**Work instructions:**
The pictures do not belong in the copy. Restate all of the records word for word.

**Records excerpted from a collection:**

= Beginning of Section =

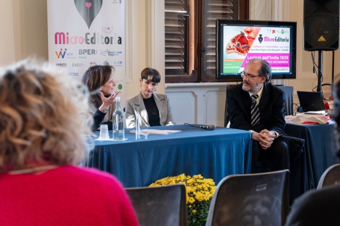 Una scia storica percorre la domenica della Microeditoria anche attraverso l’epopea dei Longobardi, insieme al Prof. Gabriele Archetti il suo “Longobardi in Italia. I Luoghi del Potere (568-774 d.c)” presentato nella sala Scuderie, in collaborazione con il Centro Studi Longobardi. La cultura che si fa storia e viceversa, è un’altra delle chiavi di lettura di questa e di tante altre “Microeditorie” così come la spinta propulsiva verso i temi educativi affrontati in collaborazione con l’Associazione Montessori e dalla sua presidente Rosa Giudetti che ha trascorso la domenica di salone in salone intervistando autori e presentando libri: “Gli Alberi già lo sanno” di Valeria Paola Babini oppure ancora Il peccato originale di Maria Montessori, a cura di Flavio De Giorgi, ordinario di Storia della pedagogia e dell’educazione presso l’Università degli Studi di Modena e Reggio Emilia: “Un testo di grande valore che contribuisce a smentire l’interpretazione secondo cui la dottrina cristiana del peccato originale sia in contraddizione con il metodo educativo della grande scienziata.” E sempre restando in tema di educazione, è venuto in soccorso Enrico Galiano con la sua “Scuola di felicità per eterni ripetenti” (Garzanti) ribadendo a chi era presente in sala che “arriva un momento in cui si è convinti che non ci sia più bisogno di imparare. Ma basta un attimo per capire che le nostre sicurezze, spesso, sono solo un modo per far tacere la paura”.
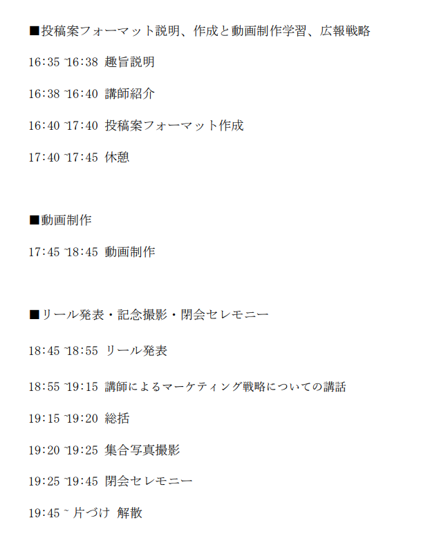 ・全参加者が1つの動画を制作します。(動画は30秒~1分とします)
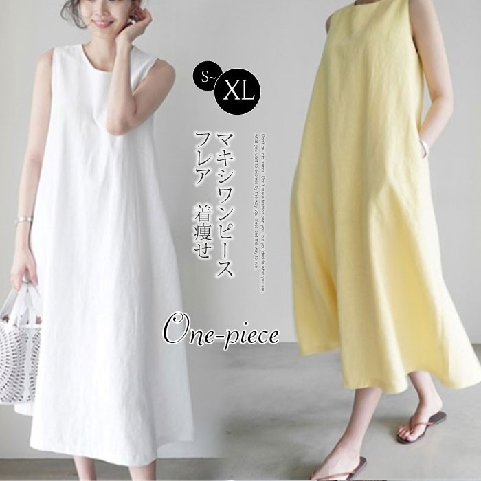 ワンピース レディース リネンワンピース ロングワンピ 綿麻調 aラインワンピース ノースリーブ タンク ノースリーブワンピース タンクトップワンピース
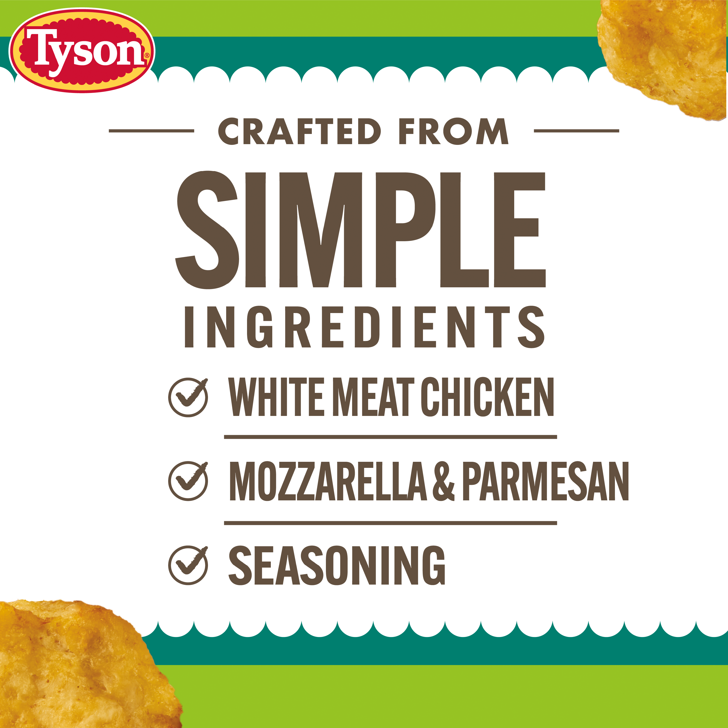 | Catalog Keywords | Tyson High Protein Chicken Nuggets, tyson, chicken nuggets, tyson chicken nuggets, high protein, high protein chicken nuggets, all natural white meat chicken, all natural, white meat, white meat chicken, fully cooked, white meat chicken patties, cheese, seasoning, gluten free, gluten free chicken nuggets, snack, meal, frozen, frozen chicken nuggets, no added sugar, air fryer, no artificial ingredients, dipping, snacking |
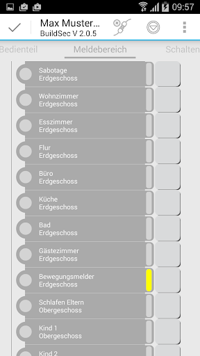 Ansicht offener Meldepunkte (Tür, Fenster,...)
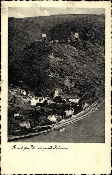 Ak Bornhofen am Rhein, mit feindlichen Brüdern, Panorama mit Burgen
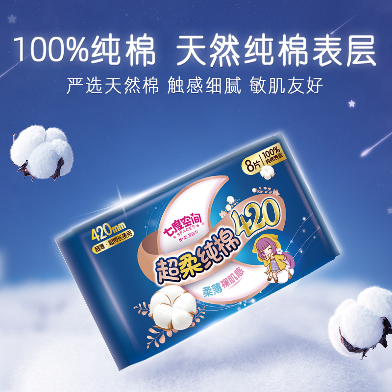 商品名称:七度空间少女纯棉超薄卫生巾超长夜用安心超熟睡姨妈巾420mm28片
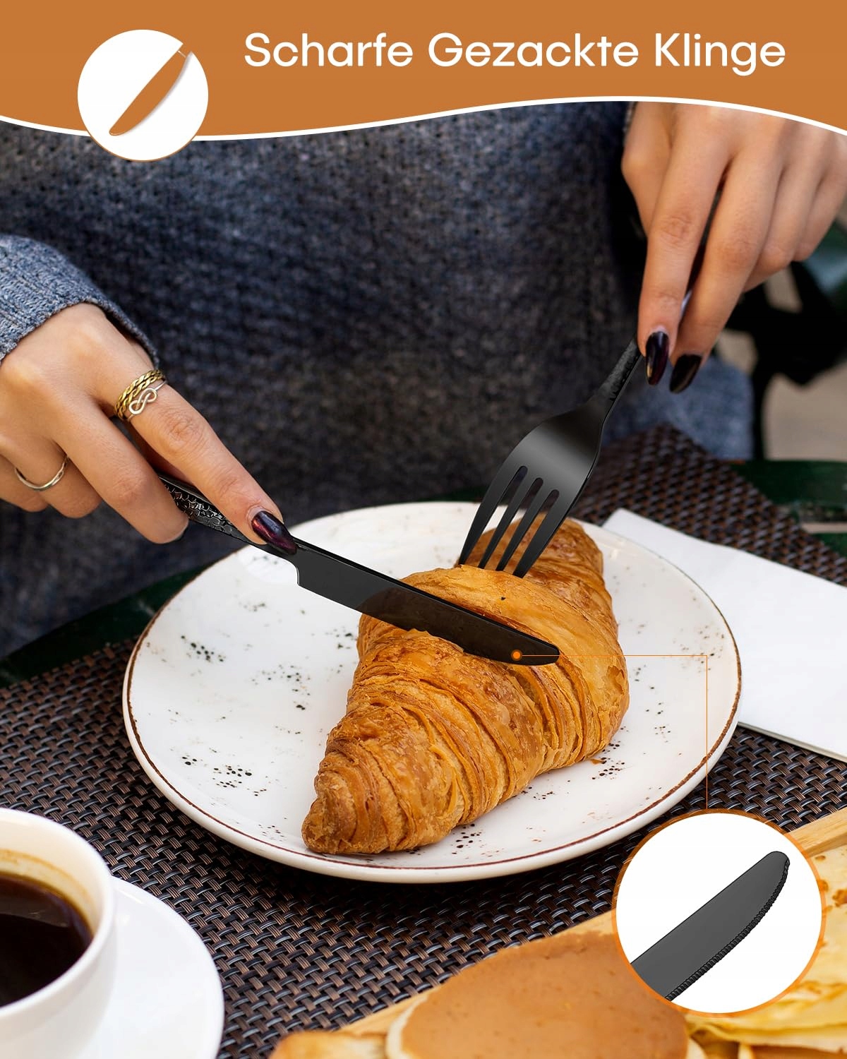 Doskonały wybór – zestaw sztućców wygląda stylowo i wysokiej jakości. Niezależnie od tego, czy do codziennego użytku rodzinnego, uroczystości czy jako wykwintny prezent, idealnie się komponuje, aby pokazać Twój wyjątkowy gust i styl życia. Jednocześnie młotkowane sztućce można łączyć z różnymi dekoracjami stołu, aby odzwierciedlić unikalny styl. Wyrazisty design i doskonała jakość zrobią głębokie wrażenie na Twoich gościach.
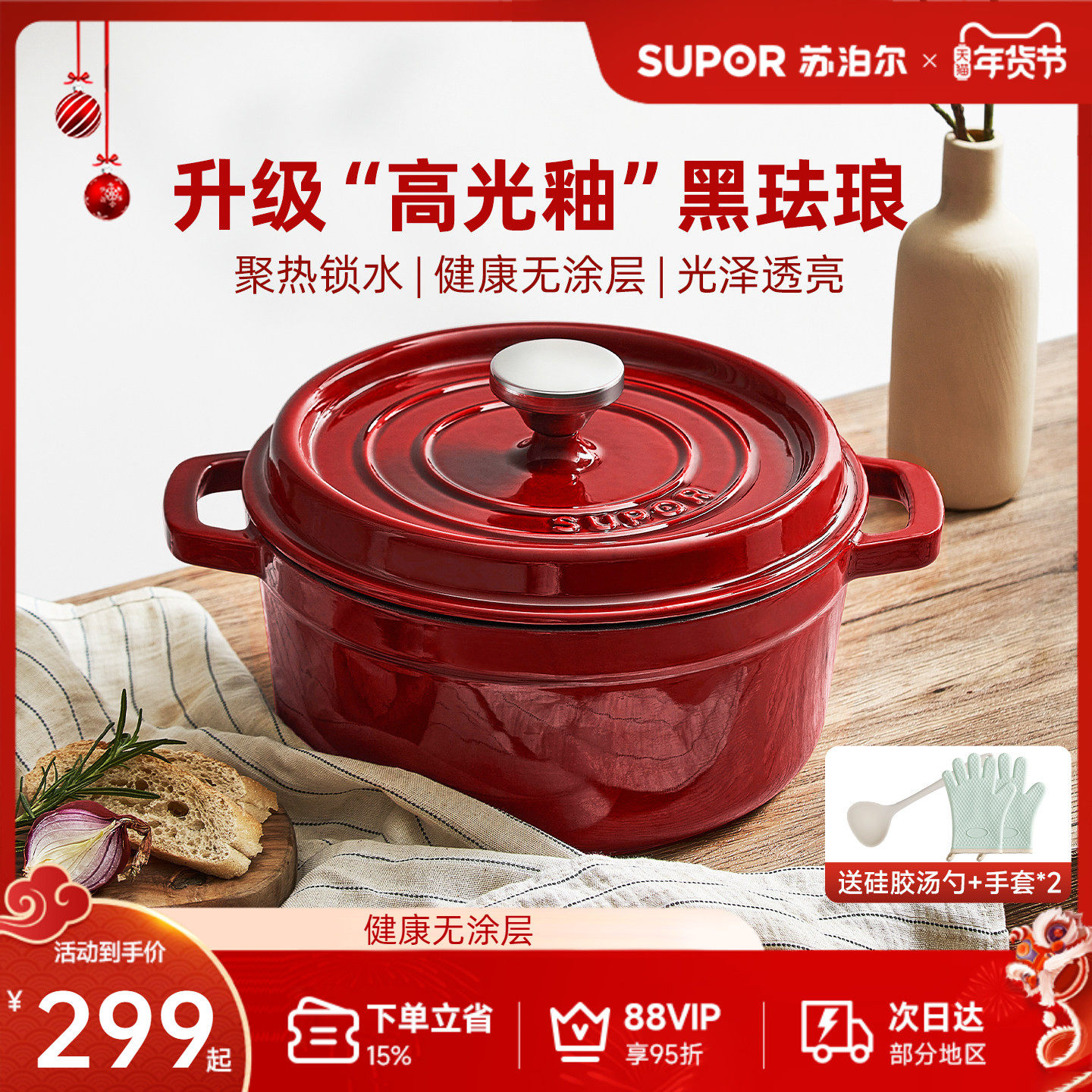 苏泊尔珐琅锅铸铁锅家用炖锅砂锅煲汤锅焖锅煮锅汤锅砂锅红色燃气

= End of Section =

**Response box:**
 Una scia storica percorre la domenica della Microeditoria anche attraverso l’epopea dei Longobardi, insieme al Prof. Gabriele Archetti il suo “Longobardi in Italia. I Luoghi del Potere (568-774 d.c)” presentato nella sala Scuderie, in collaborazione con il Centro Studi Longobardi. La cultura che si fa storia e viceversa, è un’altra delle chiavi di lettura di questa e di tante altre “Microeditorie” così come la spinta propulsiva verso i temi educativi affrontati in collaborazione con l’Associazione Montessori e dalla sua presidente Rosa Giudetti che ha trascorso la domenica di salone in salone intervistando autori e presentando libri: “Gli Alberi già lo sanno” di Valeria Paola Babini oppure ancora Il peccato originale di Maria Montessori, a cura di Flavio De Giorgi, ordinario di Storia della pedagogia e dell’educazione presso l’Università degli Studi di Modena e Reggio Emilia: “Un testo di grande valore che contribuisce a smentire l’interpretazione secondo cui la dottrina cristiana del peccato originale sia in contraddizione con il metodo educativo della grande scienziata.” E sempre restando in tema di educazione, è venuto in soccorso Enrico Galiano con la sua “Scuola di felicità per eterni ripetenti” (Garzanti) ribadendo a chi era presente in sala che “arriva un momento in cui si è convinti che non ci sia più bisogno di imparare. Ma basta un attimo per capire che le nostre sicurezze, spesso, sono solo un modo per far tacere la paura”.
 ・全参加者が1つの動画を制作します。(動画は30秒~1分とします)
 ワンピース レディース リネンワンピース ロングワンピ 綿麻調 aラインワンピース ノースリーブ タンク ノースリーブワンピース タンクトップワンピース
 | Catalog Keywords | Tyson High Protein Chicken Nuggets, tyson, chicken nuggets, tyson chicken nuggets, high protein, high protein chicken nuggets, all natural white meat chicken, all natural, white meat, white meat chicken, fully cooked, white meat chicken patties, cheese, seasoning, gluten free, gluten free chicken nuggets, snack, meal, frozen, frozen chicken nuggets, no added sugar, air fryer, no artificial ingredients, dipping, snacking |
 Ansicht offener Meldepunkte (Tür, Fenster,...)
 Ak Bornhofen am Rhein, mit feindlichen Brüdern, Panorama mit Burgen
 商品名称:七度空间少女纯棉超薄卫生巾超长夜用安心超熟睡姨妈巾420mm28片
 Doskonały wybór – zestaw sztućców wygląda stylowo i wysokiej jakości. Niezależnie od tego, czy do codziennego użytku rodzinnego, uroczystości czy jako wykwintny prezent, idealnie się komponuje, aby pokazać Twój wyjątkowy gust i styl życia. Jednocześnie młotkowane sztućce można łączyć z różnymi dekoracjami stołu, aby odzwierciedlić unikalny styl. Wyrazisty design i doskonała jakość zrobią głębokie wrażenie na Twoich gościach.
 苏泊尔珐琅锅铸铁锅家用炖锅砂锅煲汤锅焖锅煮锅汤锅砂锅红色燃气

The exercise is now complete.